Each record that follows should be repeated exactly, with no pictures carried over.

Data excerpts
'''
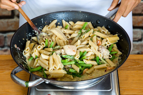 Die Penne in das kochende Wasser geben und in 7–9Min. bissfest kochen.
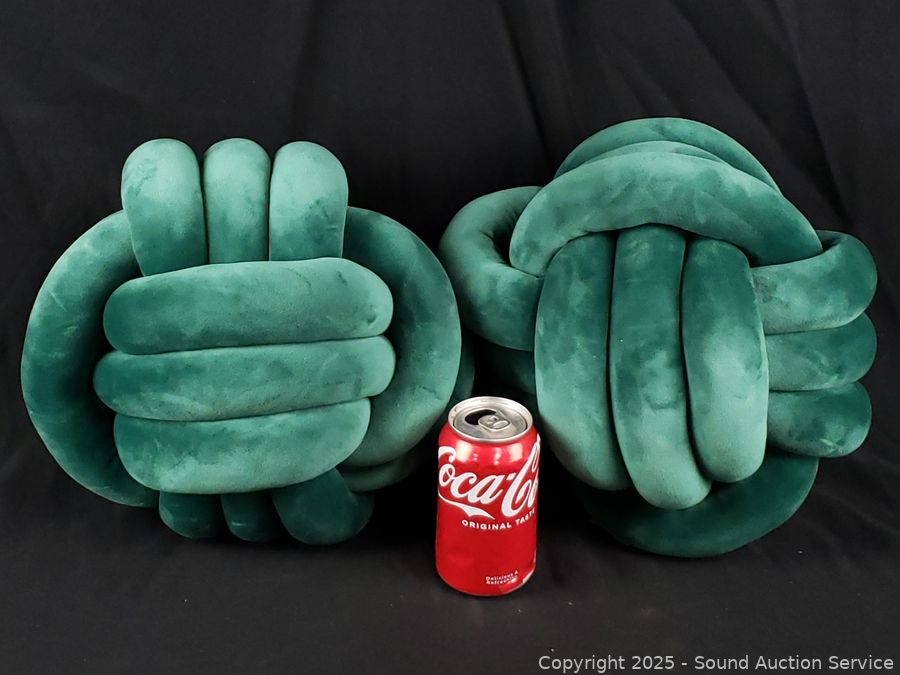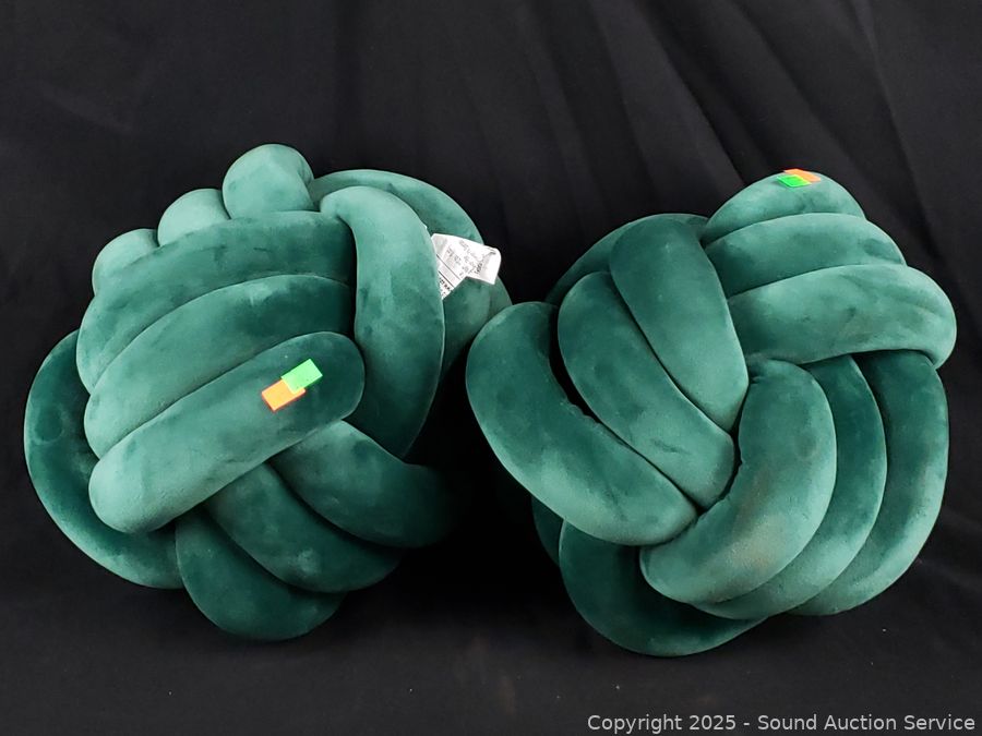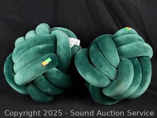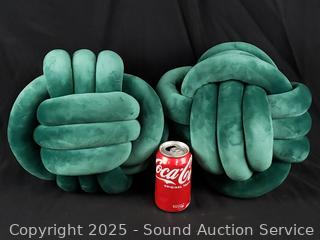 Lot #0229: 2 Green Plush 11" Knot Pillows
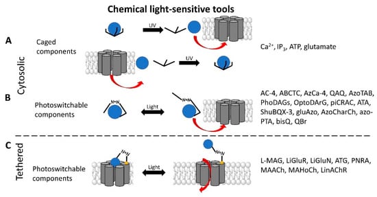 Schematic and examples for chemical light-sensitive tools: (A) Cytosolic caged components release a caged group or capture a Ca2+ ion upon irradiation with UV light. (B) Cytosolic and (C) tethered photoswitchable ligands which switch between two conformations upon irradiation with light of alternating wavelengths.
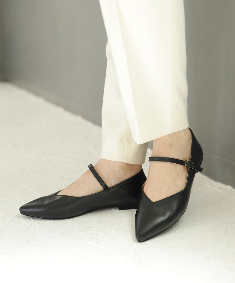 シャープなラインが足をすっきりときれいに見せてくれて、フラットでも美脚効果たっぷり。
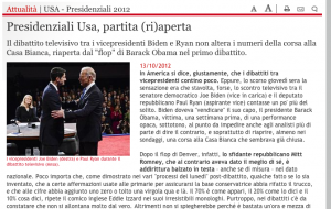 Il dibattito televisivo tra i vicepresidenti Biden e Ryan non altera i numeri della corsa alla Casa Bianca, riaperta dal “flop” di Barack Obama nel primo dibattito.
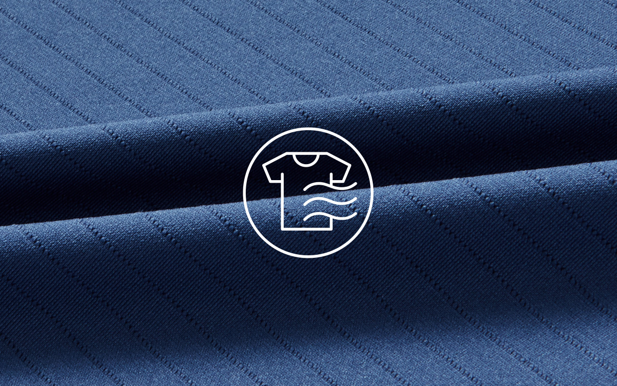 뛰어난 신축성 01 "지금까지 느껴본 적 없던 쾌적함" 클로버 모양의 특수한 단면을 가진 에어로쿨(Aerocool) 원사를 혼방한 소재로, 일반 섬유 대비 피부와의 접촉면이 넓어 땀을 빠르게 흡수·건조시켜 액티브 활동 시 쾌적함을 선사해요.
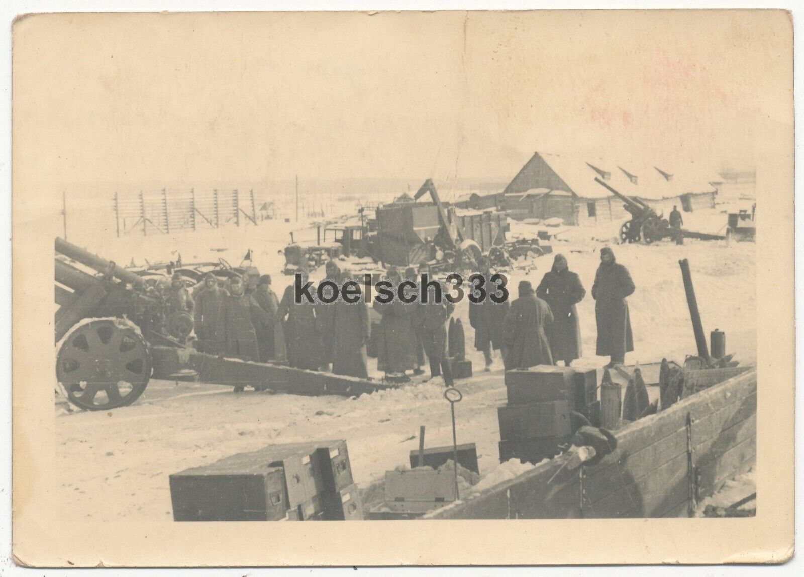 Foto Artillerie Geschütze der Wehrmacht in Feuerstellung in Ugra Russland Winter
'''
* EXERCISE OUTPUT:
 Die Penne in das kochende Wasser geben und in 7–9Min. bissfest kochen.
 Lot #0229: 2 Green Plush 11" Knot Pillows
 Schematic and examples for chemical light-sensitive tools: (A) Cytosolic caged components release a caged group or capture a Ca2+ ion upon irradiation with UV light. (B) Cytosolic and (C) tethered photoswitchable ligands which switch between two conformations upon irradiation with light of alternating wavelengths.
 シャープなラインが足をすっきりときれいに見せてくれて、フラットでも美脚効果たっぷり。
 Il dibattito televisivo tra i vicepresidenti Biden e Ryan non altera i numeri della corsa alla Casa Bianca, riaperta dal “flop” di Barack Obama nel primo dibattito.
 뛰어난 신축성 01 "지금까지 느껴본 적 없던 쾌적함" 클로버 모양의 특수한 단면을 가진 에어로쿨(Aerocool) 원사를 혼방한 소재로, 일반 섬유 대비 피부와의 접촉면이 넓어 땀을 빠르게 흡수·건조시켜 액티브 활동 시 쾌적함을 선사해요.
 Foto Artillerie Geschütze der Wehrmacht in Feuerstellung in Ugra Russland Winter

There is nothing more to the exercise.